▶ [ENTRIES PROVIDED]:
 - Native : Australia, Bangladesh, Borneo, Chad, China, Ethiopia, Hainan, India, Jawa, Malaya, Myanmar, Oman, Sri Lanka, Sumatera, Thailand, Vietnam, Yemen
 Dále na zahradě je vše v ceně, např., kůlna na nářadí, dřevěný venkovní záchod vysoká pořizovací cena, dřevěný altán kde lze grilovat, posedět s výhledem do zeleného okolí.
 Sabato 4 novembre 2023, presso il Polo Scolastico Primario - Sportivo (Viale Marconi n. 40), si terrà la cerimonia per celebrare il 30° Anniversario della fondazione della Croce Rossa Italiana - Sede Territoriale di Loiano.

---

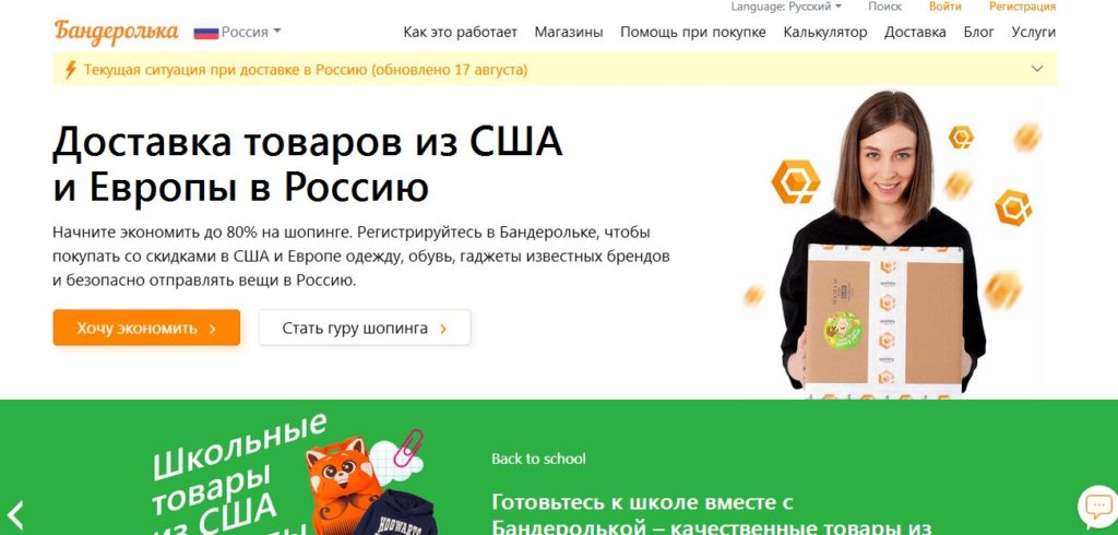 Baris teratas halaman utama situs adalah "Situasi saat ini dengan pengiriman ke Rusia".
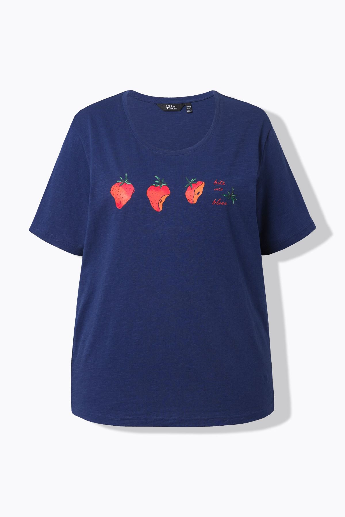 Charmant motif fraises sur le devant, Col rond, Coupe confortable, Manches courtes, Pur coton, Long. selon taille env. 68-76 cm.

--

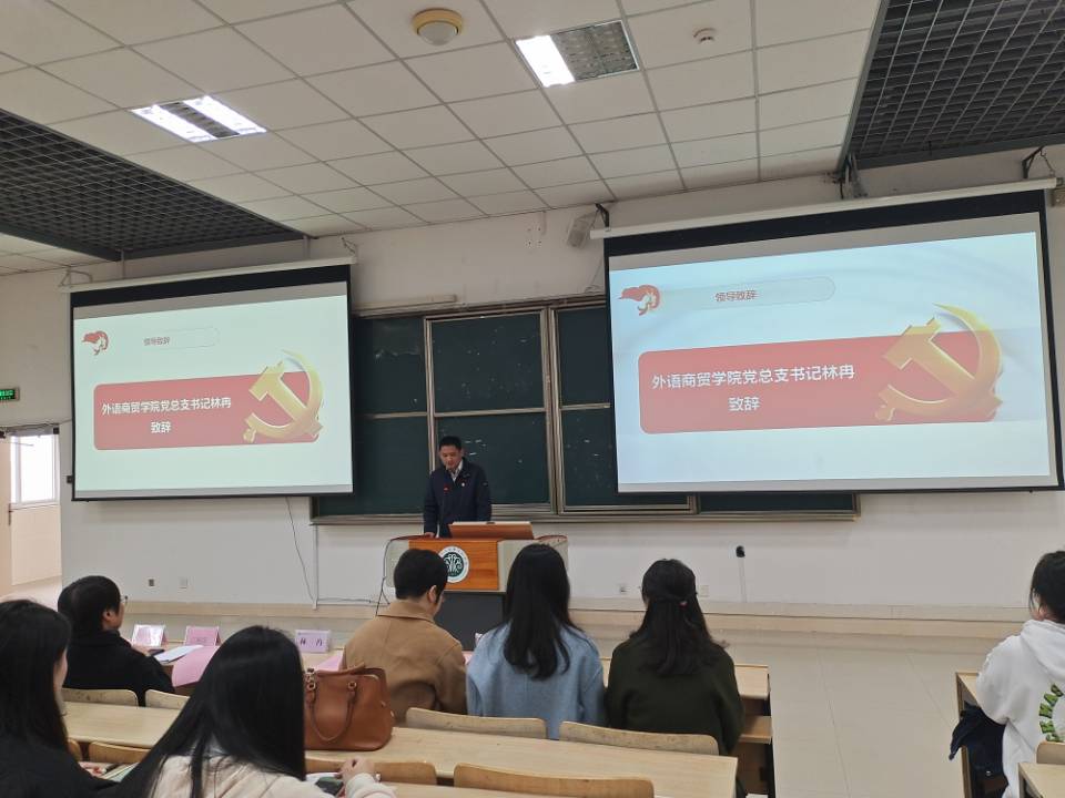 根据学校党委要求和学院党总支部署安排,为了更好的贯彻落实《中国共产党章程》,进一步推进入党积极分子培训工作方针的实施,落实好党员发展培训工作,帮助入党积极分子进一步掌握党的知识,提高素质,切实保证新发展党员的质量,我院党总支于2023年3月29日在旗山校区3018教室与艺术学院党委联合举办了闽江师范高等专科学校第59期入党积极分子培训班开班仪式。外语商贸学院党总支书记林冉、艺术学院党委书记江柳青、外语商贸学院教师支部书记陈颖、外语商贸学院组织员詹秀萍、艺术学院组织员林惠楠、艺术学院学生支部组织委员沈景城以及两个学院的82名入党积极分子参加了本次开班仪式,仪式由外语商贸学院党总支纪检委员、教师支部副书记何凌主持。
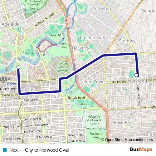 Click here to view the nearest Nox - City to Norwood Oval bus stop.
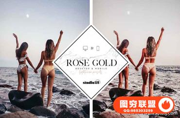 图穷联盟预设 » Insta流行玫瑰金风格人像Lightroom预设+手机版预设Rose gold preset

▶ [AIM OF THE TASK]: Only the lines above starting with the line with "Baris teratas halaman" and going on through the line with "Charmant motif fraises" belong in the answer; repeat them exactly, minus any picture.

▶ [ANSWER TO THIS EXERCISE]:
 Baris teratas halaman utama situs adalah "Situasi saat ini dengan pengiriman ke Rusia".
 Charmant motif fraises sur le devant, Col rond, Coupe confortable, Manches courtes, Pur coton, Long. selon taille env. 68-76 cm.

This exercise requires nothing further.